女儿的第一件手工钩针品
The little dog learns a new trick
Em picked up crochet and knitting in her teens, when China was in the dawn of an opening era. Living in the age when supply and materials were in great scarcity and large-scaled machine production was still remote, people were subject to hand-make almost everything, from food to clothes, from furniture to toys. But decades later, when machine making trumps in the world, when machine learning is what people are fascinated with, when a robot can do most of jobs, able to even write a poet, we would think that handmaking would retreat and one day go non-existent. Fortunately this is not the case. It still holds its distinctive place in the evolving world.
J was never taught how to do knitting or crochet. When she, in her twenties, asked her mom Em to teach her, Em gave it a shrug, telling her disparagingly that it would be a waste of time to learn. Industrialization saves labor and time and solves every of our need, efficiently. Why bother and revert to time-consuming manual work?

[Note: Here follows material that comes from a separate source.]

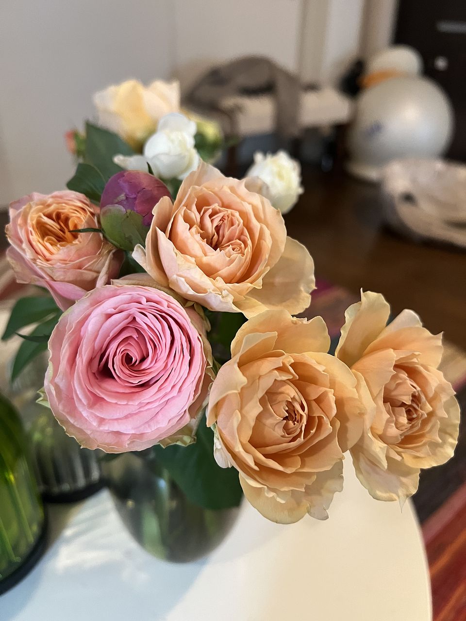 甘いピーチミルクのようなカラーリングの芍薬とバラを贅沢に束ねました🍑🐮

Em was proved wrong this time. J came home this winter and showed her the fad on Tiktok, along with her self-taught skill: crocheting. One night, Em found back her old-style crochet needle, sat by J, and primed for any question. Under the lamplight, J leaned against the bed rail, her nimble fingers crisscrossing the yarns adeptly, her face glowing with confidence and gratification. When a single straight thread turned to be interlocked with beautiful flowery patterns, Em knows that her girl, who did not even know how to sew a button, surpasses her, blossoming into a handy person who has learned a new trick without her presence.
Em concludes that the world is not just progressing linearly forward but sometimes regressing a bit. People are nostalgic, and come back to hold on to things that are dear to their ancestors. Good things are never to be forgotten, Em thought to herself.
In a sense, crochet is like an artwork, an expression of identity. Girls would delight in putting on what they create by their own hands -- a scarf, a bag, a toy or a sweater, to declare to the world that they are what they wear, and that their life could be dyed just as colorful as yarns.